Gymnastics also helps students academically, as time management skills are very important to do well in school.  

“Gymnastics is a very time-consuming sport,” Tarver said.  “Those that reach the higher levels are usually working anywhere from 20-30 hours a week.  So they have to learn time management.  They have to figure out how to get their homework done.  They don’t have as much time to study, so they can’t put things off the way that other kids might be able to.  These athletes will come home from practice at 7, 8, or 9 o’clock and then they’re doing homework.  Gymnasts tend to be A-type personalities.  So they’re perfectionists and that carries over from gymnastics into academics and other aspects of their lives.”

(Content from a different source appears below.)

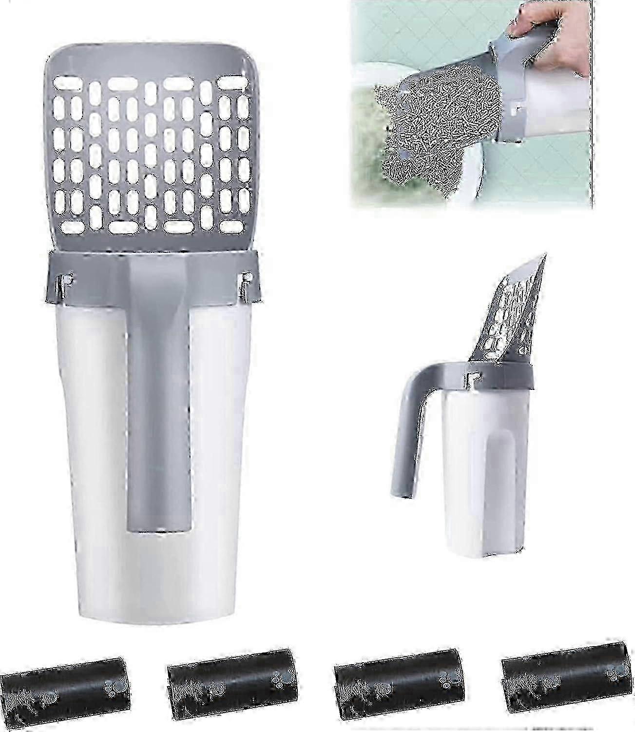 Pooper Scooper Integrated Cat Litter Sifter Scoop System, Detachable Deep Shovel Holder

One major hurdle that makes it difficult for a lot of Black children to participate in gymnastics is the cost of the sport.

“It is a huge issue,” Tarver said.  “It’s a very expensive sport.  The training time that is needed and depending on the level where the kids are, it can be as much as a $1,000 a month for certain training at certain gyms at certain levels.  So it can be quite expensive.  How to get around that?  Some gyms have scholarships.  Some gyms work with parents if they see that the kid is talented.  But it does not open itself up for the masses when it comes to finances because gyms are private businesses and they have to survive.  But there are gyms that are set up to take in kids that have less money, but there’s not a lot of those out there.”

To help spread the awareness of the sport, Fisk University has partnered with Brown Girls Do Gymnastics (BGDG), which has advocated to give gymnasts of color the choice to continue their athletic careers in the safety of inclusive spaces like HBCUs.

 

“In the very near future, Black and Brown gymnasts will no longer have to choose between HBCUs and gymnastics,” said Derrin Moore, the founder and president of BGDG.  “Now we begin the process of building the program from the ground up and recruiting the nation’s top Black gymnasts.”

College gymnastics has seen a 4.5 percent increase in Black gymnastics participation from 2008-2019, in large part because of the success of Olympians Simone Biles and Gabby Douglas.  With BGDG’s annual conference inspiring young girls of color and giving them exposure to predominantly Black gymnastics spaces, experts like Moore predict these numbers will continue to rise.

“Representation tells potential athletes ‘Yes, this space is for you too,’” Moore said.  “The Brown Girls Do Gymnastics Conference opens minds and like other sports,it opens opportunities.”

This partnership is helping Tarver lead Black gymnasts to HBCUs.

“I’m currently recruiting athletes for our team, and none of the girls would have looked at an HBCU before this because they all wanted to do gymnastics,” she said.  “That was a vital part of their college experience.  Before Fisk, they did not have that option.  So there are a lot of young girls out there who want to have the HBCU experience but they did not have that option.  But now they will.”

Other HBCUs are watching Fisk’s gymnastics program with the goal of creating their own.